Seven- to eight-week old female congenic C57BL/6 mice with allele Ly5.1+ (T cell donor mice) or allele Ly5.2+ (T cell recipient mice) were purchased from Taconic (Hudson, NY) and maintained in sterile housing. All mouse work was reviewed and approved by the University of Wisconsin and William S. Middleton Memorial VA Hospital and VA Ann Arbor Healthcare Animal Care and Use Committees.
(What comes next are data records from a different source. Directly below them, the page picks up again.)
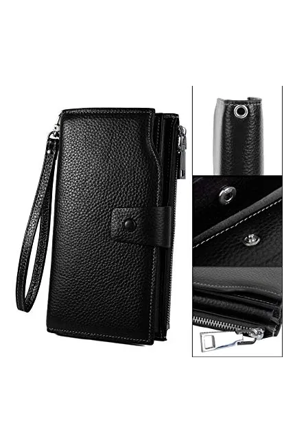 This wallet exceeded my expectations! It is amazing and worth every penny. Every bit of it inside and out is definately leather. There is not a flaw on it, it feels like silk in your hand. The stitching is perfect. The zipper section opens when the wallet is closed and my iPhone (5s) fits in there perfectly, and it is so accessible from there. The zipper is heavy duty, it has a beautiful and heavy duty pull on it, both appear to be gleeming brass. The picture ID does not have a plastic cover, (which usually sticks to the ID inside) instead, it is a netted material thats a little darker than the typical clear plastic, and I think it would make it more difficult for someone who happens to be around you to see your personal information. I can put 21 credit cards in the slots provided. I can put a check book in the wallet and it still closes easily. It does have a slight odor which I think will go away in time, it is not in any way anoying. I may order a second one to have when this one wears out many, many years from now. There is no wallet in the nicest stores in the USA to compaire with this wallet. It is made in China. I ordered the RFID blocking wallet (it comes with or without RFID) but no information in the wallet actually said it had RFID blocking made into it. This is my only concern. I emailed the seller to make sure it is RFID. This is the reply I received: Thank you so much for your inquiry and we really appreciated that, This is Paula to serve you, As the wallet you have receive was the RFID, here is the way to identify it, First: you can check the back of the gift box. you can see the ASIN: B01N2VHCDL, This is the code for amazon to distinguish the RFID. Secondly. in order to make the wallet look more artistic, so we was material the RFID blocking on the exterior of the wallet, when you open the surface of the wallet, you can see the RFID Material like the attachment, thank you so much. If you have any other question or problem, please dont be hesitate to contact us, thank you, Have a nice day!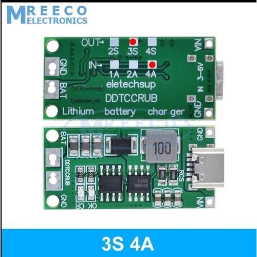 This charging circuit module is designed for 3.7V Li-ion and LiPo batteries with compatibility for 2S, 3S, and 4S configurations. Featuring a Type-C interface, it operates across an input voltage range of DC3-6V and provides output options of 8.4V, 12.6V, and 16.8V. Ideal for various DIY and outdoor projects, this compact module is suited for both hobbyists and professionals seeking reliable charging solutions.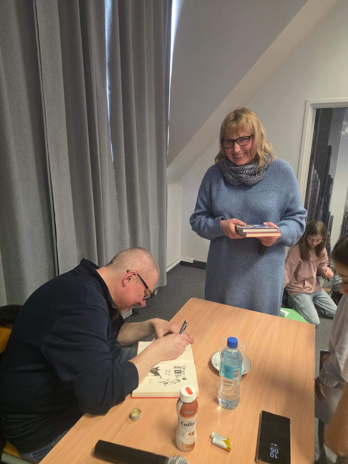 Spotkanie przebiegło w bardzo miłej atmosferze. Uczniowie z zainteresowaniem słuchali, zadawali pytania i zdobywali autografy. Było to inspirujące wydarzenie, które zachęciło wielu uczniów do czytania książek. ![]()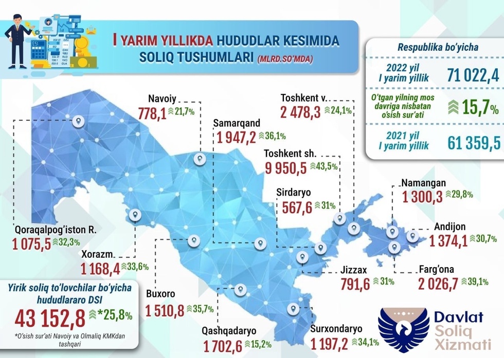 Жорий йилнинг биринчи ярмида буджетга тушган солиқ тушумлари 71 триллион сўмни ташкил этиб, бу ўтган йилнинг шу даврига (61,4 трлн сўм) нисбатан 15,7 фоизга ўсган. Бу ҳақидаги маълумотни Давлат солиқ қўмитаси эълон қилди.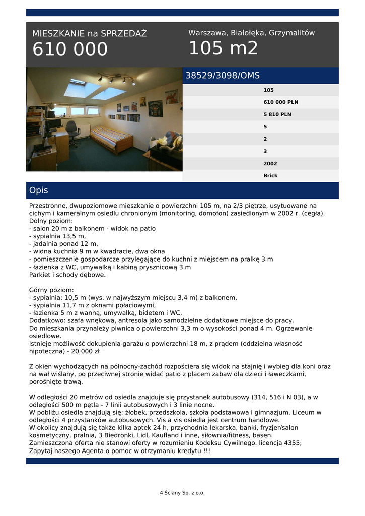 MIESZKANIE na SPRZEDAŻ 610 000 Warszawa, Białołęka, Grzymalitów 105 m2 38529/3098/OMS 105 610 000 PLN 5 810 PLN 5 2 3 2002 Brick Opis Przestronne, dwupoziomowe mieszkanie o powierzchni 105 m, na 2/3 piętrze, usytuowane na cichym i kameralnym osiedlu chronionym (monitoring, domofon) zasiedlonym w 2002 r. (cegła). Dolny poziom: - salon 20 m z balkonem - widok na patio - sypialnia 13,5 m, - jadalnia ponad 12 m, - widna kuchnia 9 m w kwadracie, dwa okna - pomieszczenie gospodarcze przylegające do kuchni z miejscem na pralkę 3 m - łazienka z WC, umywalką i kabiną prysznicową 3 m Parkiet i schody dębowe. Górny poziom: - sypialnia: 10,5 m (wys. w najwyższym miejscu 3,4 m) z balkonem, - sypialnia 11,7 m z oknami połaciowymi, - łazienka 5 m z wanną, umywalką, bidetem i WC, Dodatkowo: szafa wnękowa, antresola jako samodzielne dodatkowe miejsce do pracy. Do mieszkania przynależy piwnica o powierzchni 3,3 m o wysokości ponad 4 m. Ogrzewanie osiedlowe. Istnieje możliwość dokupienia garażu o powierzchni 18 m, z prądem (oddzielna własność hipoteczna) - 20 000 zł Z okien wychodzących na północny-zachód rozpościera się widok na stajnię i wybieg dla koni oraz na wał wiślany, po przeciwnej stronie widać patio z placem zabaw dla dzieci i ławeczkami, porośnięte trawą. W odległości 20 metrów od osiedla znajduje się przystanek autobusowy (314, 516 i N 03), a w odległości 500 m pętla - 7 linii autobusowych i 3 linie nocne. W pobliżu osiedla znajdują się: żłobek, przedszkola, szkoła podstawowa i gimnazjum. Liceum w odległości 4 przystanków autobusowych. Vis a vis osiedla jest centrum handlowe. W okolicy znajdują się także kilka aptek 24 h, przychodnia lekarska, banki, fryzjer/salon kosmetyczny, pralnia, 3 Biedronki, Lidl, Kaufland i inne, siłownia/fitness, basen. Zamieszczona oferta nie stanowi oferty w rozumieniu Kodeksu Cywilnego. licencja 4355; Zapytaj naszego Agenta o pomoc w otrzymaniu kredytu !!! 4 Ściany Sp. z o.o. 4 Ściany Sp. z o.o. tel. 22 629 80 80 email: [email protected] 4 Ściany Sp. z o.o. Powered by TCPDF (www.tcpdf.org)

Viral infections and tumor inoculations were performed per our previously published protocols [7, 9, 10]. In brief, Ly5.1+/C57BL/6 mice were infected with 2 × 10⁵ PFU of Armstrong strain lymphocytic choriomeningitis virus (LCMV; gift from Marulasiddappa Suresh, University of Wisconsin) via intraperitoneal injection to generate CD8+ T cells specific for GP33, a class I MHC-restricted LCMV surface glycoprotein. Splenocytes were harvested 8 days after infection (at which time LCMV peptide-specific CD8+ T cells are of effector differentiation) to obtain bona fide T_eff (as evidenced by CD127^low/KLRG1^high expression) and 50–80 days after infection (at which time LCMV peptide-specific CD8+ T cells are of memory differentiation) to obtain bona fide T_mem (as evidenced by CD127^high/KLRG1^low expression) [7, 8]. The yield of GP33-specific memory CD8+ T cells was increased by adoptively transferring Ly5.1+/C57BL/6 mice with 10³ Ly5.1+/CD8+ T cells derived from splenocytes of Ly5.1+/P14 TCR transgenic mice (C57BL/6 background mice with CD8+ T cell specificity for GP33 [7]. The spontaneous mouse melanoma cell line B16F10 was transfected with a plasmid encoding GP33, and poorly immunogenic clones with low levels of GP33 expression were selected to create a new B16GP33 cell line, which we have previously demonstrated to be of comparably low immunogenicity as parental B16F10 [9, 10]. This line was cultured in RPMI-1640 medium (Mediatech, Herndon, VA) with 10% fetal bovine serum, 2 mM L-glutamine, 100 μg/mL streptomycin, and 100 U/mL penicillin (Life Technologies, Inc., Grand Island, NY). Ly5.2+/C57BL/6 mice received subcutaneous injections of 1 × 10⁶ B16GP33 cells suspended in serum-free RPMI-1640 to generate flank melanoma tumors.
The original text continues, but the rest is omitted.